Рельсы под луной - Страница 4
На этом все и кончилось. Правильную бумагу я написал, и она ушла в губчека, где не вызвала ни особого интереса, ни особого гнева: и потому, что такое не раз случалось, и потому, что Бармин был фигурой мелкой, не то что те атаманы с сотней-другой сабель. Трое суток ареста нам Луганцев влепил своим приказом – и мы их, как он и обещал, не отсиживали. Катька, как начальник и предвидел, из деревни исчезла в тот же день. Да и Бармин с того дня словно сгинул – за два месяца, что я там прослужил, о нем больше не было ни слуху ни духу. Никто со мной эту историю больше не обсуждал, и я ни с кем не стремился ее обсуждать – забыли, как будто и не было. Но, по моему личному убеждению, он, скорее всего, все же забрал свое золото, Катьку и ушел в Китай, может быть, со своими немногочисленными подручными – о них с тех пор тоже ни слуху ни духу.
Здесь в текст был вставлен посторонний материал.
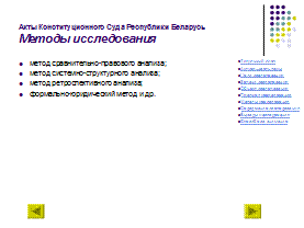 В качестве основных методов исследования, которые использовались при подготовке данной работы, можно назвать такие общенаучные методы исследования как эксперимент (проверка эффективности правовой информатизации), сравнительный анализ (определение положительных сторон и преимуществ правовой информатизации в Республике Беларусь по сравнению с другими государствами), индукция (исследование конкретного примера использования справочной правовой системы).

Что еще? Луганцев не обманул: через два с лишним месяца, когда эскулапы меня все же соизволили признать годным к строевой без ограничений, в ЧК никто силком задерживать не стал, отпустили с неплохой характеристикой. И поехал я в Хабаровск, в свой конный полк. В тех местах никогда больше не был, даже близко. И никогда больше за всю жизнь ничего такого со мной не происходило, чему я только рад. И даже ни разу не снилось в кошмарах.
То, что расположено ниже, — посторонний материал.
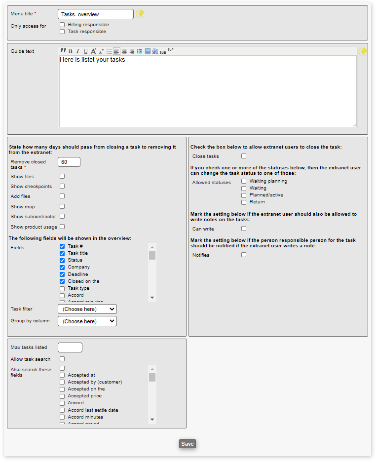 - Remove closed tasks: Select how many tasks are listet before there are removed

Однако в память впечаталось намертво, стоит перед глазами до сих пор: голая Катька на кровати, красавица, улыбается будто бы свысока, а у кровати – зверюга… И все это абсолютно не укладывается в материалистический взгляд на мир, но произошло на самом деле… Поверишь ты или нет…
Вот знаете, Сан Саныч, я почему-то отцу верю…
Фасоль в чашке
(Некоторые пояснения. Рассказчик – хакас, человек совершенно городской, с высшим образованием, чуточку обрусевший, в аале, как называются хакасские деревни, у родственников бывал редко, разве что по большим праздникам. Диссидентами ни он, ни я не были, откуда в нашей тогдашней глуши диссиденты в начале восьмидесятых – но кое-какие «неправильные» разговоры украдкой велись. В тот раз он как раз вернулся из аала, с чьего-то дня рождения. Нами было выпито…)
Саша, вечерком дед рассказал… Первый раз от него такое слышу.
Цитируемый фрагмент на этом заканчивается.